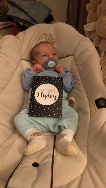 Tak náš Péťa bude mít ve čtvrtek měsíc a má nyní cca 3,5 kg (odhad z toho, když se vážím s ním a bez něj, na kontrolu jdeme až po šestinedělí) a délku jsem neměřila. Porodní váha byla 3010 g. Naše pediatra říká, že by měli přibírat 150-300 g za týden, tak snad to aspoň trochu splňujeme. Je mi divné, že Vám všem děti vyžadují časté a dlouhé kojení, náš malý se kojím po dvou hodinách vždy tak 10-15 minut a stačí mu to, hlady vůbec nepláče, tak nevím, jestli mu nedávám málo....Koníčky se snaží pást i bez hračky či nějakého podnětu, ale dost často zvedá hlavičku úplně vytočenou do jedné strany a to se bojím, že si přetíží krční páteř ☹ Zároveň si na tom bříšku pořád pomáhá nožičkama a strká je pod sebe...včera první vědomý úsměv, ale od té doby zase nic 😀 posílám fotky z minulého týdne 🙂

--

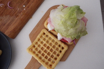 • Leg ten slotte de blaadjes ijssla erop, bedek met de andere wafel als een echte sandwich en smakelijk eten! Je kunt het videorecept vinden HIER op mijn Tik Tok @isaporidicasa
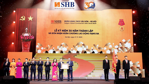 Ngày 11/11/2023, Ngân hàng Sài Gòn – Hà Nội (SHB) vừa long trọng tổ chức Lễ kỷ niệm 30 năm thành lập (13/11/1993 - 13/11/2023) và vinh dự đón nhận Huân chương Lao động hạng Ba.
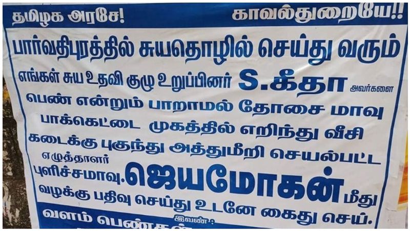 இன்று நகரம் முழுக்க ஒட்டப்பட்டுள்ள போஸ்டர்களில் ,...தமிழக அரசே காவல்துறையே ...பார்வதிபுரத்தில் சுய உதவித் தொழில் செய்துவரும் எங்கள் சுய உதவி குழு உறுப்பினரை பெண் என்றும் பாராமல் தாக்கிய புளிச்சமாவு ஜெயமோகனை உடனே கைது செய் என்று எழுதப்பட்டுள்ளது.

--

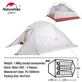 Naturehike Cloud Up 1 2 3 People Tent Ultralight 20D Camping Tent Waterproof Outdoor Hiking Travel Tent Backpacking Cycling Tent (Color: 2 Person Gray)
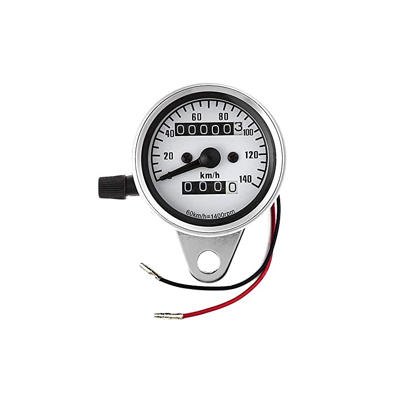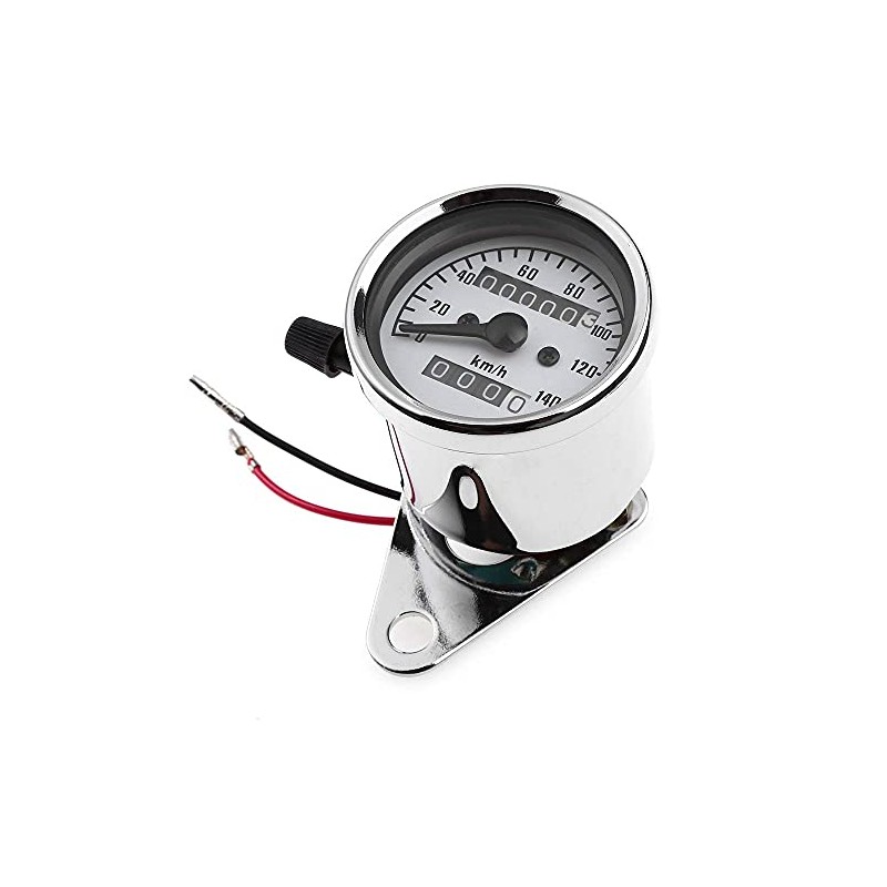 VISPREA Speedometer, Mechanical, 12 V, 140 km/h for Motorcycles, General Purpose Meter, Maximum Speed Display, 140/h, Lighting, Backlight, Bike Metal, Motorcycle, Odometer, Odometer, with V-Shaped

> _PROBLEM REQUIREMENTS_
Output exactly the lines of the listing above that start with the one holding "Naturehike Cloud Up" and go on through the one holding "VISPREA Speedometer, Mechanical, 12"; leave the pictures out.

> _ANSWER SPACE_
 Naturehike Cloud Up 1 2 3 People Tent Ultralight 20D Camping Tent Waterproof Outdoor Hiking Travel Tent Backpacking Cycling Tent (Color: 2 Person Gray)
 VISPREA Speedometer, Mechanical, 12 V, 140 km/h for Motorcycles, General Purpose Meter, Maximum Speed Display, 140/h, Lighting, Backlight, Bike Metal, Motorcycle, Odometer, Odometer, with V-Shaped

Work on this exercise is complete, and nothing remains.